Each line of data below must be printed exactly as written, with any pictures removed.

==*==

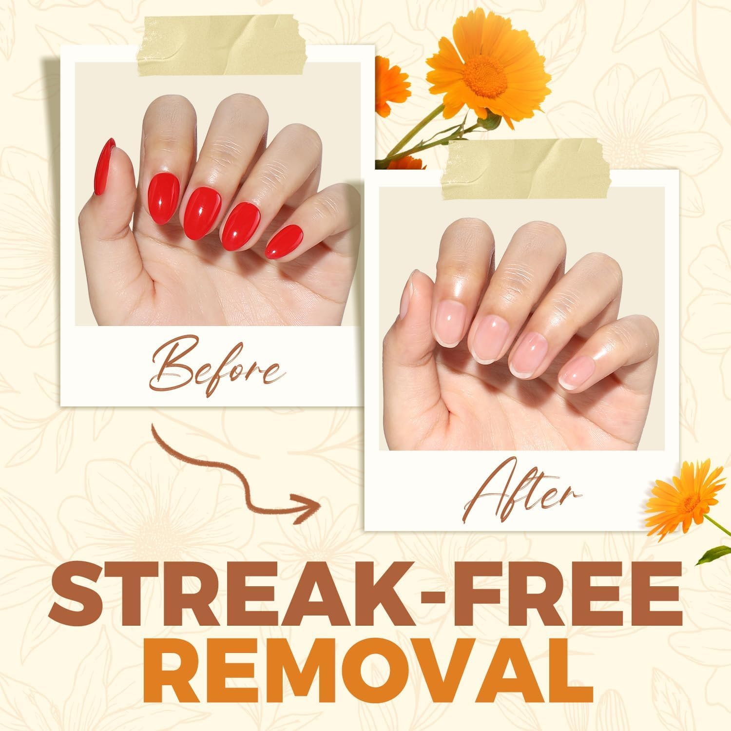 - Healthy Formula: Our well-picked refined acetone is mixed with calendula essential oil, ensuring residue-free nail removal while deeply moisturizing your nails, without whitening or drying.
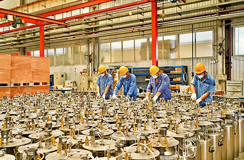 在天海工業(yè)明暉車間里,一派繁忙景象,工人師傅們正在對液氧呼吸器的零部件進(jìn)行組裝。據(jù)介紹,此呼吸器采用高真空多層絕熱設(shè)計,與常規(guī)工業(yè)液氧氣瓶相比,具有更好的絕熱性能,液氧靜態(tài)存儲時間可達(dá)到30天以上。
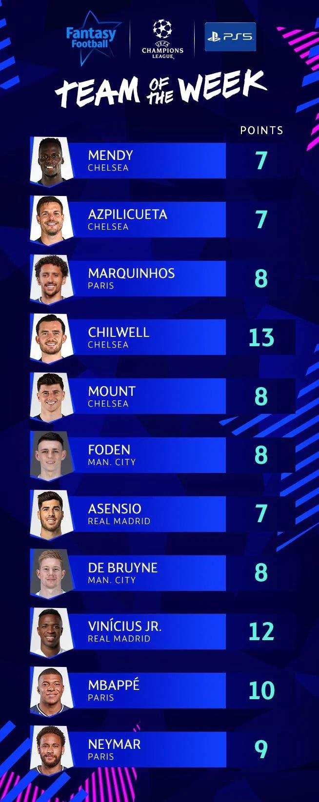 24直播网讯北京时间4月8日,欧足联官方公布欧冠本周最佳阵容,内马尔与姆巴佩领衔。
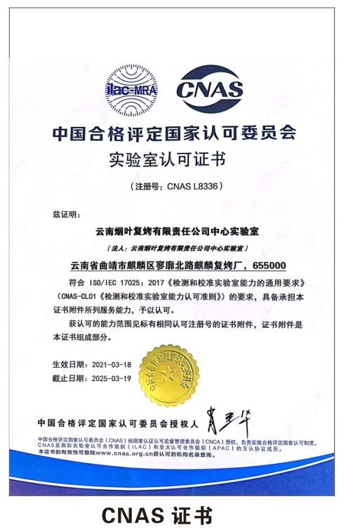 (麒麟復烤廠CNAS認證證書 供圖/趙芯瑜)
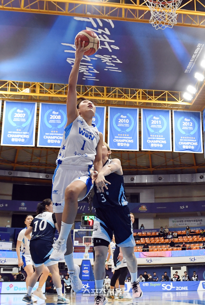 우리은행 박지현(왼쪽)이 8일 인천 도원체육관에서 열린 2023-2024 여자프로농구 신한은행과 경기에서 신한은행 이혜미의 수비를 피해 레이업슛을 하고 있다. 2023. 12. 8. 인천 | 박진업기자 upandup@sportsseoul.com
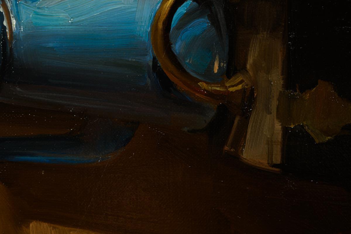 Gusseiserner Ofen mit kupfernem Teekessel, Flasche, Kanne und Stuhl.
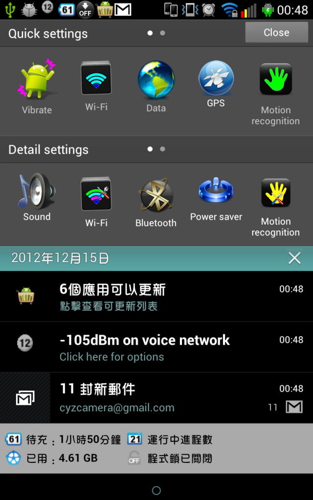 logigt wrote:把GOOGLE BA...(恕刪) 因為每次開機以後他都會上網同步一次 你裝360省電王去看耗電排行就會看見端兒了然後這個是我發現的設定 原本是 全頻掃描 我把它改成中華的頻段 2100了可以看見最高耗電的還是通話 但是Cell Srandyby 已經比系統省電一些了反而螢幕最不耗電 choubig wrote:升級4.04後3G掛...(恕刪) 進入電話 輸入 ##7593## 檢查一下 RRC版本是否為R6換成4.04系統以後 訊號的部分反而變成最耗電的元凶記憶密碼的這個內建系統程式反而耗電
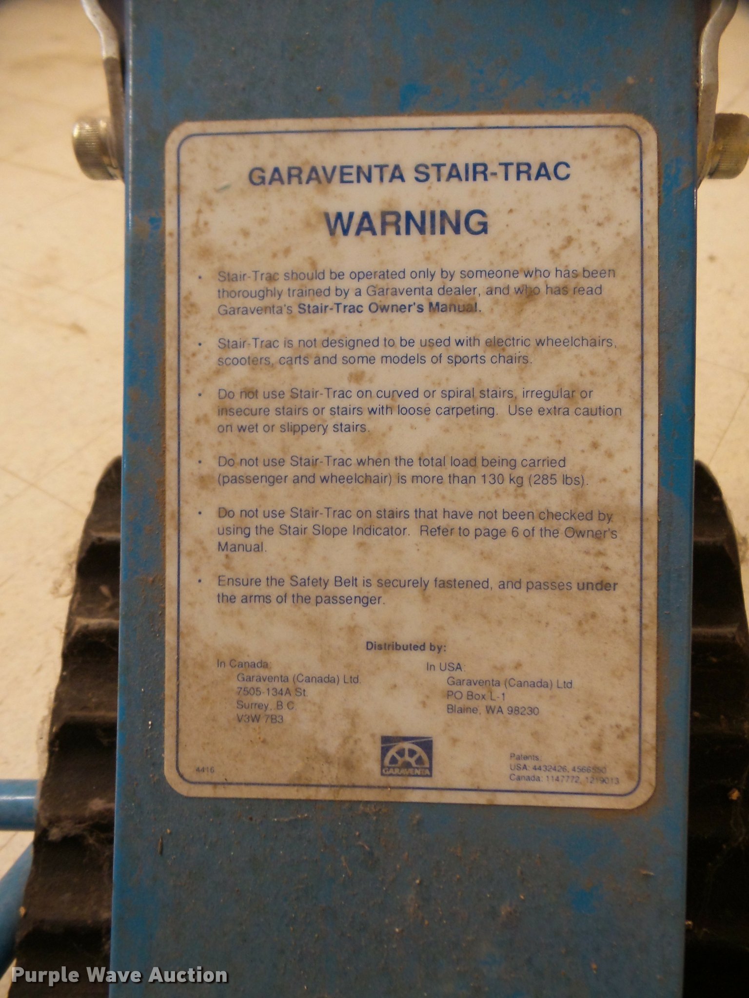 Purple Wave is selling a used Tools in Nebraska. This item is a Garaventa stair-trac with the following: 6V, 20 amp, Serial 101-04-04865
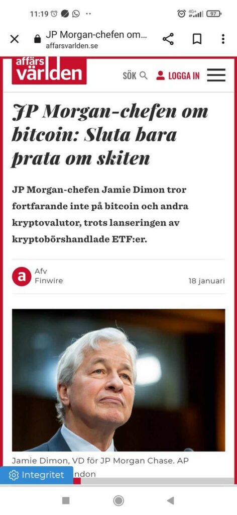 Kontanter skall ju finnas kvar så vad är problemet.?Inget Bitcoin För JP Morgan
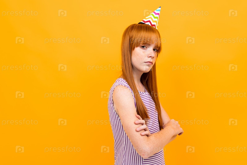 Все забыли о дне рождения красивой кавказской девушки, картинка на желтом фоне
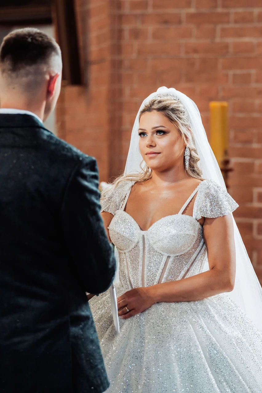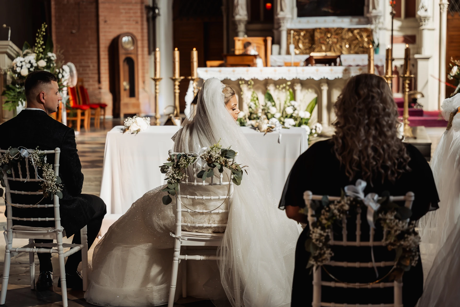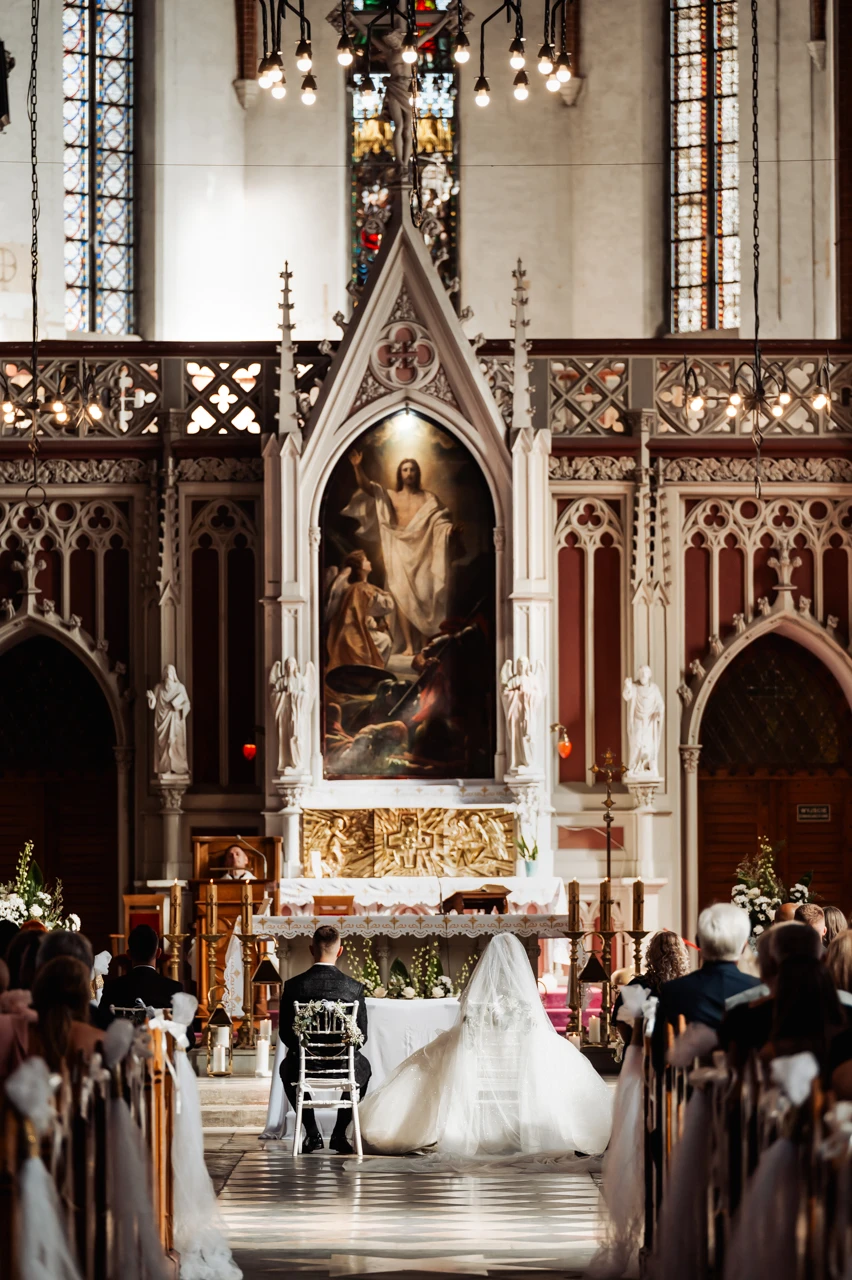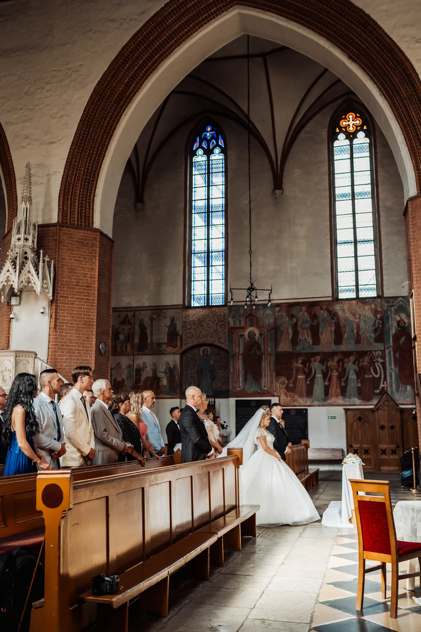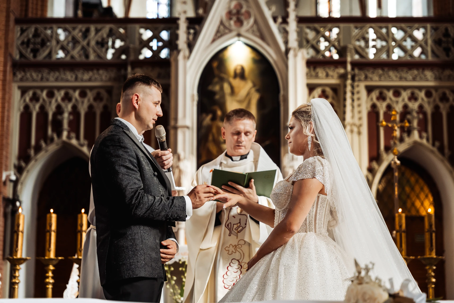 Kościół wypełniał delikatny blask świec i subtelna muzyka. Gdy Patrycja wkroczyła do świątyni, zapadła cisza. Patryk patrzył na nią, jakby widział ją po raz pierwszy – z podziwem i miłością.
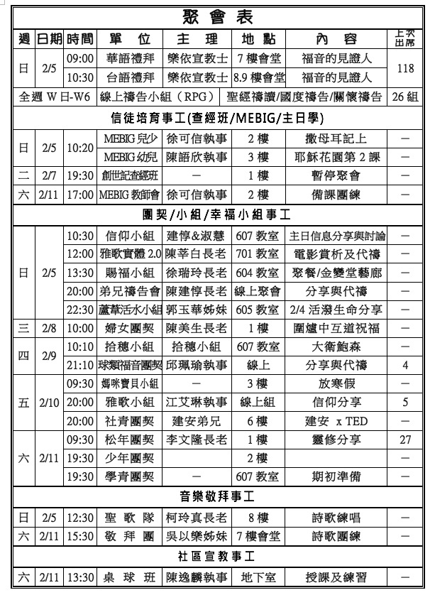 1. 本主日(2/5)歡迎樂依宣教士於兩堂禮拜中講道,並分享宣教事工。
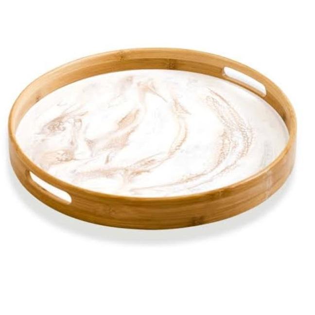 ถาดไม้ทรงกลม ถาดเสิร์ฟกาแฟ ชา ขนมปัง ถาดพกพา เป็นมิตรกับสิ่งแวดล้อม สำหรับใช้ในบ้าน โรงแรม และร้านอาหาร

==*==

• OUTPUT FOR THIS EXERCISE:
 - Healthy Formula: Our well-picked refined acetone is mixed with calendula essential oil, ensuring residue-free nail removal while deeply moisturizing your nails, without whitening or drying.
 在天海工業(yè)明暉車間里,一派繁忙景象,工人師傅們正在對液氧呼吸器的零部件進(jìn)行組裝。據(jù)介紹,此呼吸器采用高真空多層絕熱設(shè)計,與常規(guī)工業(yè)液氧氣瓶相比,具有更好的絕熱性能,液氧靜態(tài)存儲時間可達(dá)到30天以上。
 24直播网讯北京时间4月8日,欧足联官方公布欧冠本周最佳阵容,内马尔与姆巴佩领衔。
 (麒麟復烤廠CNAS認證證書 供圖/趙芯瑜)
 우리은행 박지현(왼쪽)이 8일 인천 도원체육관에서 열린 2023-2024 여자프로농구 신한은행과 경기에서 신한은행 이혜미의 수비를 피해 레이업슛을 하고 있다. 2023. 12. 8. 인천 | 박진업기자 upandup@sportsseoul.com
 Gusseiserner Ofen mit kupfernem Teekessel, Flasche, Kanne und Stuhl.
 logigt wrote:把GOOGLE BA...(恕刪) 因為每次開機以後他都會上網同步一次 你裝360省電王去看耗電排行就會看見端兒了然後這個是我發現的設定 原本是 全頻掃描 我把它改成中華的頻段 2100了可以看見最高耗電的還是通話 但是Cell Srandyby 已經比系統省電一些了反而螢幕最不耗電 choubig wrote:升級4.04後3G掛...(恕刪) 進入電話 輸入 ##7593## 檢查一下 RRC版本是否為R6換成4.04系統以後 訊號的部分反而變成最耗電的元凶記憶密碼的這個內建系統程式反而耗電
 Purple Wave is selling a used Tools in Nebraska. This item is a Garaventa stair-trac with the following: 6V, 20 amp, Serial 101-04-04865
 Kontanter skall ju finnas kvar så vad är problemet.?Inget Bitcoin För JP Morgan
 Все забыли о дне рождения красивой кавказской девушки, картинка на желтом фоне
 Kościół wypełniał delikatny blask świec i subtelna muzyka. Gdy Patrycja wkroczyła do świątyni, zapadła cisza. Patryk patrzył na nią, jakby widział ją po raz pierwszy – z podziwem i miłością.
 1. 本主日(2/5)歡迎樂依宣教士於兩堂禮拜中講道,並分享宣教事工。
 ถาดไม้ทรงกลม ถาดเสิร์ฟกาแฟ ชา ขนมปัง ถาดพกพา เป็นมิตรกับสิ่งแวดล้อม สำหรับใช้ในบ้าน โรงแรม และร้านอาหาร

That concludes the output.